The elusive (it’s actually amazing how little information the Internet holds on them) duo describe their genre on Facebook as “mythical filth :: pop fiction :: beauty slap :: goon lit :: artisanal (c/t)rap :: west coast gothic”. And though Kelsey Bulkin sounds like a woodland nymph, you certainly don’t need to be one to get down with this album. Or a monster or a gangster or a sad kid hiding from the sun. But, you know, if you are, more power to you. MADE IN HEIGHTS makes sexy music. Over Sabzi’s spacey beats, Bulkin’s light, high voice soars. Think Grimes meets FKA twigs meets Broods.
But, unlike those other artists who’ve mastered the sexy sad-girl sound, it’s not an album of sad-girl songs. There certainly are a fair share of those and they slay. (The obvious, “Cry”: You make the stars fall down//Fall from the sky like the 4th of July//You make my tears come down”.) There’s also “Slow Burn”, a quicker paced, hot and heavy tune that’ll get you slow, seductive dancing—or looking like a fool if you’re me and have zero coordination— to get a youthful, unique man like the one she sings about.
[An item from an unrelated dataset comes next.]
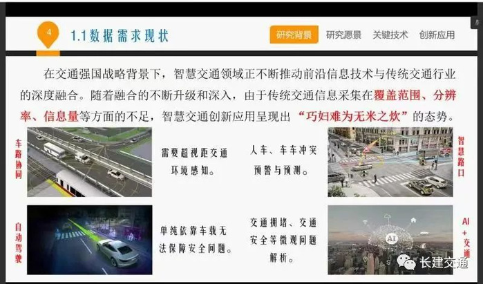林赐云教授首先介绍了在交通强国战略背景下,智慧交通领域正不断推动前沿信息技术与传统交通行业的深度融合。他指出路侧激光雷达主要配置在两个重要场景,一是城市道路,二是高速公路。如在城市道路的交叉口,采用对角线布置两台基于路侧的3D激光雷达,便可实时精准地识别行人、非机动车等弱势交通群体和机动车的行为状态。

And then you’ve got a jam like “Murakami”, which has a killer drop mid-song. Still, every one of these songs has their signature sound of killer beats and ethereal vocals.
When you come across such a solid sound, it’s easy to forget about lyrics, but MADE IN HEIGHTS doesn’t fool around there either. The opening track, “Death”, kills it immediately with: Don’t fall for the blame//don’t rely on the applause. Then you’ve got “Panther”, which was their first single off this album and released back in November; a song about a fast and furious relationship. She slows it down, though, in the second verse, singing:
Got nobody on my mind, go and search my thoughts
Only you on my riverbanks
Throw my hours on your line, no need to rush
Pour my love down to make it rain
Good stuff, right? However, my favorite lyrics are from the song, “Forgiveness”. I know what you’re thinkin’, tricky subject, let’s not even go there. They handle it so well, though. The song seems to be more about self- and situational-forgiveness (something I’ve actually been working on recently; time=perspective and know that sometimes ya just gotta let things go). Bulkin takes a look at a past relationship and, with the new distance, sees it for what it was: troubled. To forgive, you have to accept the reality of the situation. And she starts that process here:
Cause feelings that you’ve never known
Aren’t my fault
I keep my words sweet
And bathe then I lay low
‘Round we go, and the lights are low
And the circus fades, you were always carouseling
All the circles trace, as I turn my page
And you hear the bass, over words I was yellin’
If you’ve been there too, you can’t tell me this doesn’t speak to your tormented soul. And still, the whole time you’re listening to this song, you’re feeling all dancey and can’t resist the bouncy tune. I dig that.
So next time you want that sad-girl, sexy sound, but could use something that’ll get you moving (suddenly “mythical filth and west coast gothic” are making more sense), plug in to the newest MADE IN HEIGHTS. Who knows, it could give you the courage to take your time and enjoy what may be a fleeting relationship or to finally forgive and put behind you that destined-to-be-doomed one. Either way, these two will make you feel both vulnerable and fly as hell as you jam out. What’s not to love?